• TASK TO CARRY OUT:
Return the data below unaltered, but strip out the pictures.

(Records from a collection)
==*==

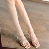 New beautiful rhinestone one-word strap half-drag women's sandals high heels thin heels transparent fairy style slippers
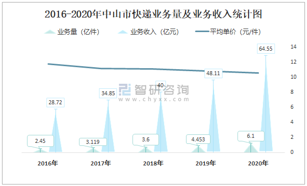 2016-2020年中山市快遞業務量及業務收入統計圖
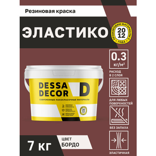 Краска резиновая трещиностойкая DESSA DECOR Эластик 7 кг, цвет бордовый
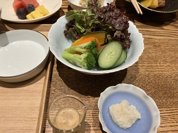 スムージーは前日と同じです。香の物は取り分けるように2人分置いてあります。
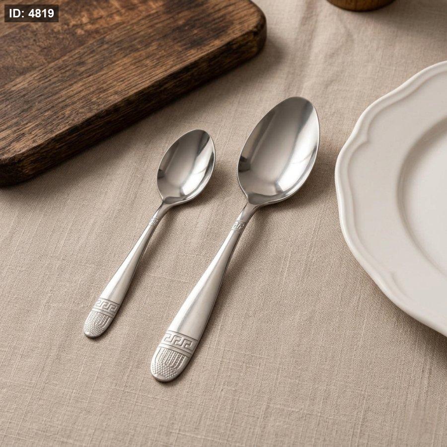 طقم معالق ستانلس ستيل مع نقشة المفتاح اليوناني 12 قطعة

==*==

• OUTPUT BELOW:
 New beautiful rhinestone one-word strap half-drag women's sandals high heels thin heels transparent fairy style slippers
 2016-2020年中山市快遞業務量及業務收入統計圖
 Краска резиновая трещиностойкая DESSA DECOR Эластик 7 кг, цвет бордовый
 スムージーは前日と同じです。香の物は取り分けるように2人分置いてあります。
 طقم معالق ستانلس ستيل مع نقشة المفتاح اليوناني 12 قطعة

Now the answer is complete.